Und deshalb bin ich auch hier.   :Wink: 

Also dass Evolution beispielsweise Englisch ist, stört mich eigentlich gar nicht, aber was mir tierisch auf den Nerv geht, ist die Englische Rechtschreibprüfung. Ich hab zwar alle Menüs durchgesehen, aber nicht wirklich etwas gefunden....

Hat da jmd eine Idee, wie ich die englische Rechtschreibprüfung abstellen kann...?

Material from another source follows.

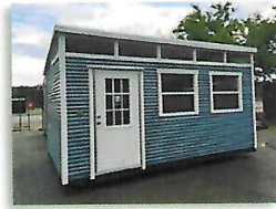
10 x 16

Anonsten ist Gentoo das Beste, was ich bisher erlebt hab....

Thanx, Nono.

Edit: Hat sich schon erledigt... https://forums.gentoo.org/viewtopic.php?t=4205&start=0&postdays=0&postorder=asc&highlight=evolution

----------

## Altanos

Hi,

wie währe es mit einem emerge search ispell?    :Idea: 

Wenn Du emerge ispell-de machst, hast Du jedenfalls schonmal die deutsche Rechtschreibung auf dem Rechner, die musst Du nur noch in Deinen Anwendungen einstellen. Z. B. im Kontrollcenter von KDE unter persönliche Einstellungen / Rechtschreibung.  :Wink: 

CU

Altanos

----------

## nono

Hi,

gute Idee... Danke.   :Wink: 

Ciao, Nono.

----------

## STiAT

für die deutschsprachigen programme kamma aber auch die std language auf de stellen, dann is alles deutsch, siehe deutsche localisation guide @ gentoo.de

----------